Expansion header safe current limits

Hi all,

I was originally looking to just control a 3W Luxeon LED from the
BeagleBoard GPIOs until I saw the +5V rail on the expansion header.
The only documentation that I've been able to find on it suggested
that the current output of that rail is limited only by the AC adapter
that's running the board. The LED power supply would be drawing
somewhere in the neighborhood of 600-800mA off the 5V rail and I just
wanted to make sure that its safe to draw so much current off of the
board directly.

The Digikey AC adapter that's powering the board should be able to
handle the extra load (3W + 2W < 6W), but if pulling that much power
directly through the board has a risk of damaging it (melting a trace
or such), I'd rather pull out a new 5V rail before the adapter goes
into the board.

Best,
Pavak

The connectors should handle the current and the board as well, but it would be on the upper limit of things. I would suggest that you bring 5V in separately to power your LED. Not for current reasons per se, but LEDs are famous for making power rails noisy.

Gerald

I second Gerald. I would also use a separate supply with good by-pass
(100 uF low ESR in parallel with 100 nF) near the LED. If you are
planning to use the PWM control, you will probably see rather large
current spikes. The rails are not the main problem but you are very
close to what TPS65950 is capable of supplying for the external load.
Be sure not to have too much load connected to the USB port!

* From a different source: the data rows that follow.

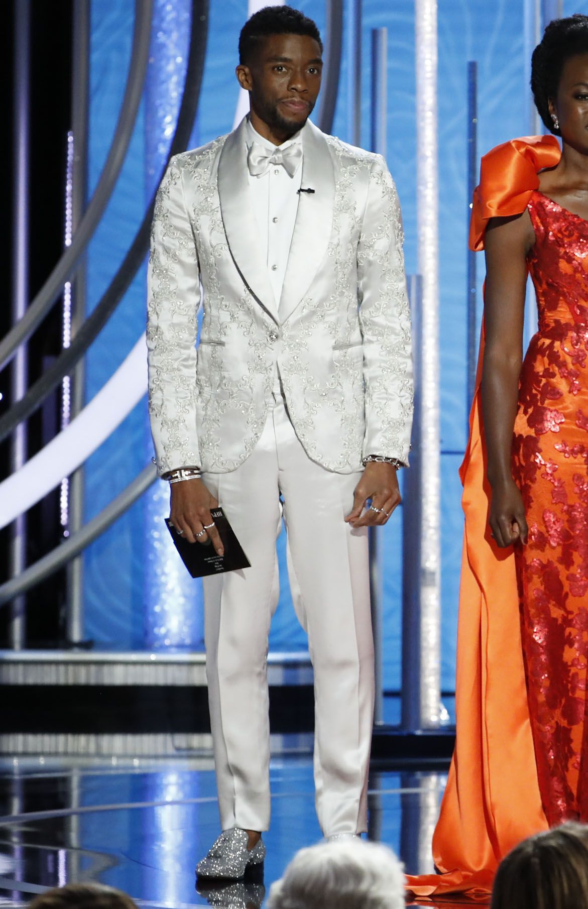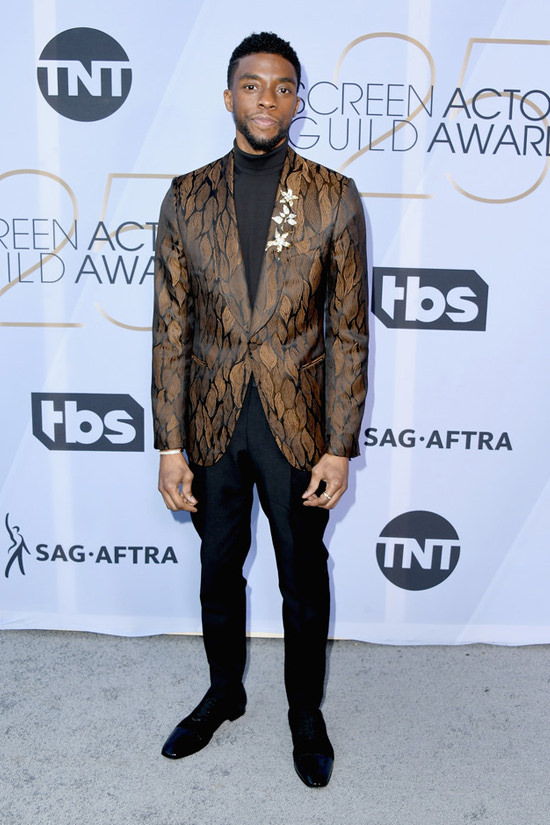 Most men who attend these award shows lean towards a black tuxedo. Occasionally they’ll get wild and opt for a color. Chadwick actually embraces the fashion in men’s fashion. I love it!
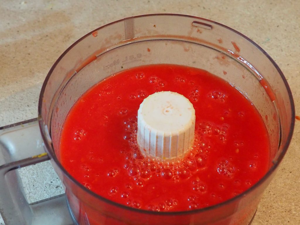 Nettoyez les tomates, enlevez la peau et les graines, mixez-les jusqu’à obtenir une sauce sans morceaux.
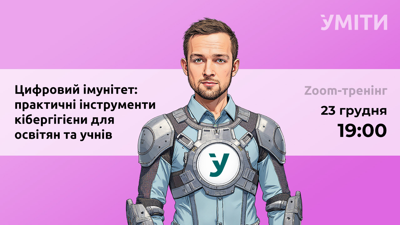23.12 о 19:00 Zoom-тренінг "Цифровий імунітет: практичні інструменти кібергігієни для освітян та учнів"(зареєструватись)
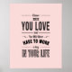 "Escolha um emprego que você ama e nunca terá que trabalhar um dia na sua vida" - poster de citação motivacional inspiradora, com um design de na moda tipografia em rosa-bebê e preto-e-bebê, perfeito para seu escritório ou casa. O presente perfeito para o dono de pequenas empresas, freelancer, empresário, profissional criativo ou qualquer outro fazer que isso aconteça em sua carreira de sonho. Observe que você pode mudar o tamanho do poster para menor se preferir um poster menor - basta mantê-lo na mesma proporção de 16x20 polegadas, por exemplo, 8x10 polegadas irá ajustado bem em um quadro de fotos padrão. O poster também redimensionará maior sem perda de qualidade. Para posters mais inspiradores, posters legal de tipografia e presentes interessantes de na moda, visite: http://www.zazzle.com/bangingifts
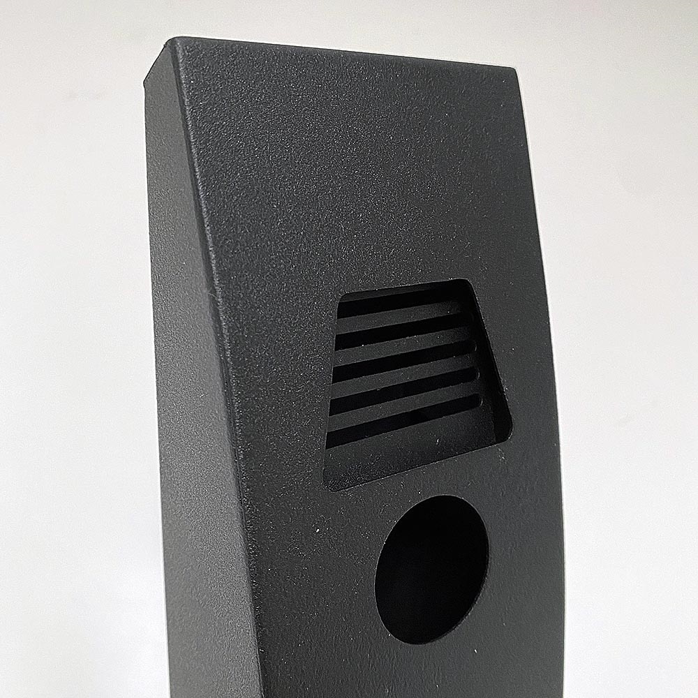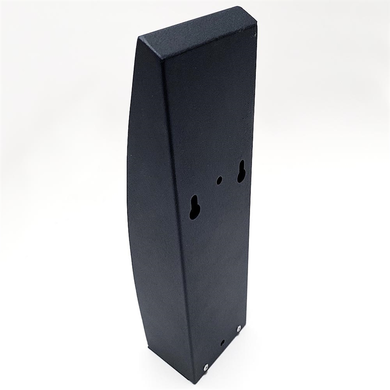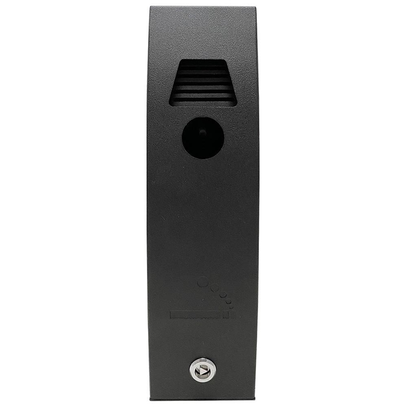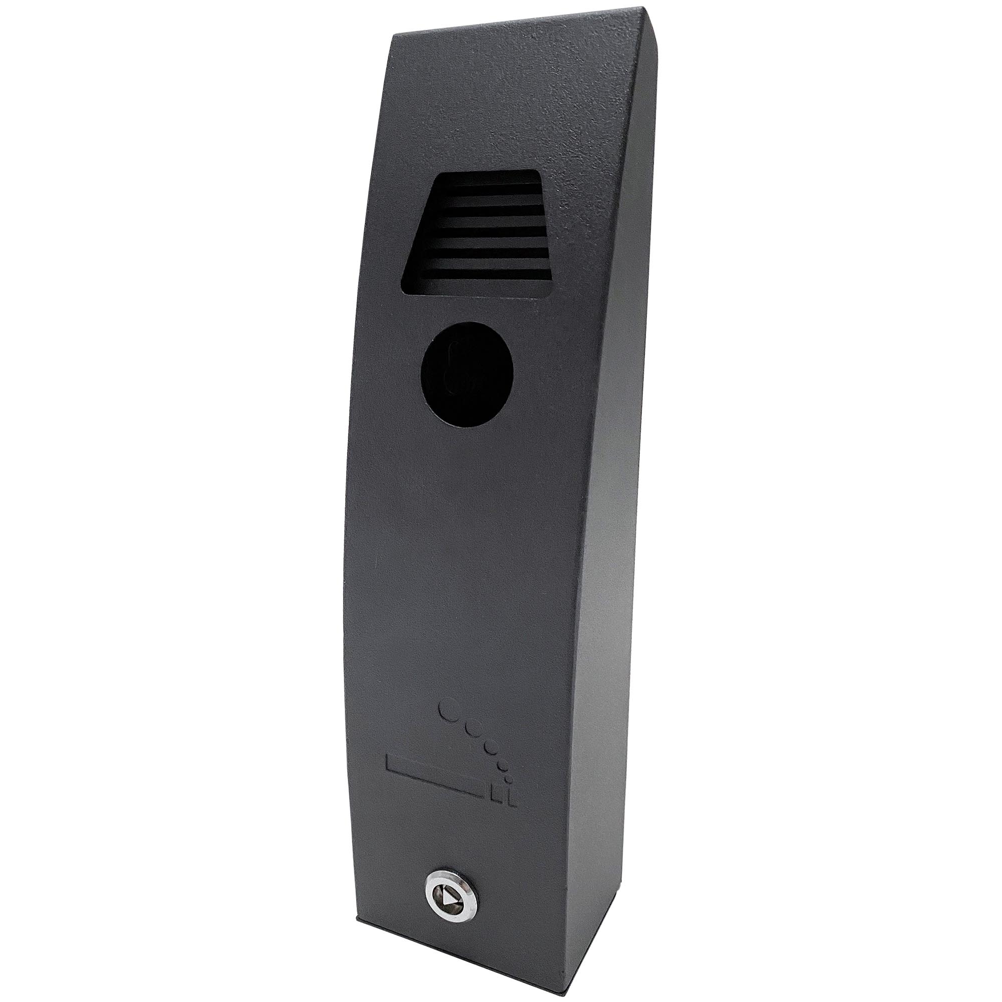 Outdoor Aschenbecher aus schwarzem, pulverbeschichtetem Stahl. Schickes, gebogenes Design. Für Wandmontage, Pole Stand oder Multi Stand geeignet. Der Behälter hat ein Schloss und einen Schlüssel und ist leicht zu entleeren. Inkl. Scrauben und Dübeln.

Please let us know your results and (possible) problems with this project.

I am doing RGB LED control myself but in the 50 + 2 x 30 mA range.

Good luck,
siƱ

Thanks for the feedback. I think I'll likely just use two separate
power supplies for now and use a GPIO pin just to turn the LED's
current supply on and off.
I'm driving one of these: http://www.luxeonstar.com/luxeon-iii-star-led-blue-lambertian-23-lm-700ma-p-280.php
(soon to be deprecated and replaced with a new model)
With one of these: http://www.luxeonstar.com/buckpuck-1000ma-dc-led-driver-pcb-mount-p-7.php

Out of curiosity are there any specs as to what level of noise is
acceptable for the Beagleboard to run stably?

At the moment everything runs off of AC power supplies, but I'd like
to move to battery packs- probably a separate pack for the LED and the
board. Sparkfun has these convenient little 5V packs that run off of
AA cells but see 100mV ripples at 135kHz. I'm hoping to do something
similar with 4 or 6 cells in parallel to drive enough current to the
board. Do you think this would be too noisy? What is a typical
approach for conditioning a battery source to drive a Beagleboard?

Best,
Pavak

There are no specs as to noise level per se. It can some handle noise, but voltage spike are a different story. That is what you need to watch for. A ripple of 100mV should not be an issue on the 5V rail. As to a battery configuration, similar things to what you have identified as been used for this purpose. It should work fine for powering the board. If you need USB or EDID, then you need a good 5V in. If you are not using 5V, then a battery configuration providing as low as 3.7V-4.0V should work as well.